You want the best dog trainer 
you need to call Ron he is the Best
go to testimonials and you will see Brady and I there

http://www.americanalphak9.com

He is awesome can't say a bad thing about him 
when we get a pup next year he will be doing the training again
what I love about his training he comes to your house and 
will take your calls anytime.

To this day if I have an issue with Brady he comes over.
or invites me to classes he does every so often with other people.
when we had an issue with our Lab he came over an hour later

He is a great guy and knows his stuff!!!!
Please call him he does free evaluations and he has good stories


----------



## HeidiW (Apr 9, 2009)

LOL you look so small and tiny next to Big Brady in that pik. sounds like a great trainer!


----------



## littledmc17 (Apr 9, 2008)

Brady was only 2 in that pic!!
Thanks

He is an awesome trainer I could go on and on 
about him but he has talked to friends that had questions that live in other states and he obviously can't do training but he gave them suggestions 

To me that is a great trainer 
You want the best in Mass he is the BEST


----------



## Brightelf (Sep 5, 2001)

Duke, the link unfortunately doesn't open for me. Is the link correct? Might you know the name of the trainer, perhaps?


----------



## Brightelf (Sep 5, 2001)

Okay, here's the link then:









http://www.advancedcanineservices.com/Welcome.html


----------



## Brightelf (Sep 5, 2001)

I'm not familiar with them yet-- but please let me know what you think if you try them!


----------



## littledmc17 (Apr 9, 2008)

Patti no need Ron is your man sista!!


----------



## Duke-2009 (Apr 13, 2009)

Thanks to all for the feedback. So far so good with John of Advanced Canine. We had two sessions and started out working on heel. We have it down! 8 sessions for $400, so six more to go, will report back.
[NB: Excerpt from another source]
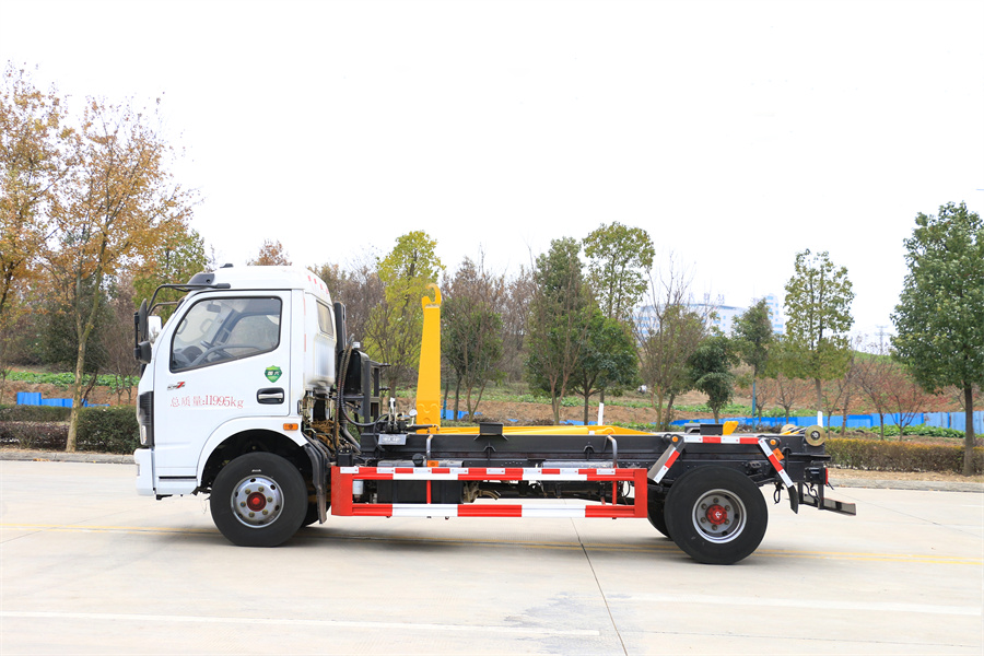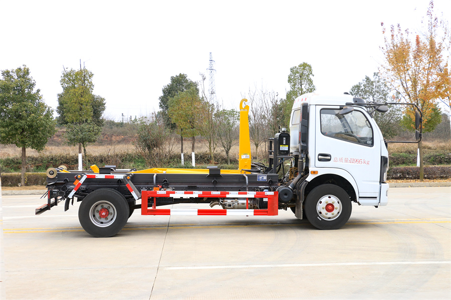勾臂式垃圾車(車廂可卸式垃圾車)介紹: 車廂可卸式垃圾車又叫拉臂式垃圾車,是一種采用高新設(shè)計(jì)可伸縮的鉤臂,實(shí)現(xiàn)垃圾廂的二次吊裝,自吊上放下,可自行傾倒垃圾的環(huán)衛(wèi)設(shè)備。 拉臂式垃圾車結(jié)構(gòu)簡單,操作穩(wěn)定方便,裝卸效率高,機(jī)械化程度高,節(jié)省人力。鉤臂垃圾車一車可帶多個(gè)垃圾廂,在裝卸的運(yùn)輸過程中可有效地避免二次污染。 拉臂垃圾車采用高新設(shè)計(jì)可擺動(dòng)的鉤臂,垃圾箱由框架、開啟油缸、滑輪、后門和若干加強(qiáng)框架與鋼板焊接而成。調(diào)換貨廂快捷方便,貨廂上帶蓋(倒垃圾時(shí)可翻開),鉤臂垃圾車?yán)鴰w可選用碳鋼、不銹鋼材質(zhì)、內(nèi)部采取環(huán)氧樹脂防腐處理,改裝部分與原車底盤為可分離式,維修方便且保持了原車的機(jī)動(dòng)性及行駛性能。

He has over 12 shepherds and breeds and trains. Impressed so far.


----------



## Duke-2009 (Apr 13, 2009)

> Originally Posted By: littledmcYou want the best dog trainer
> you need to call Ron he is the Best
> go to testimonials and you will see Brady and I there
> 
> ...


Hi Dawn, just checked out the link and noticed you are from Easton, so am I. Maybe our pups will run into each other at borderland or something. Small world.

Joe


----------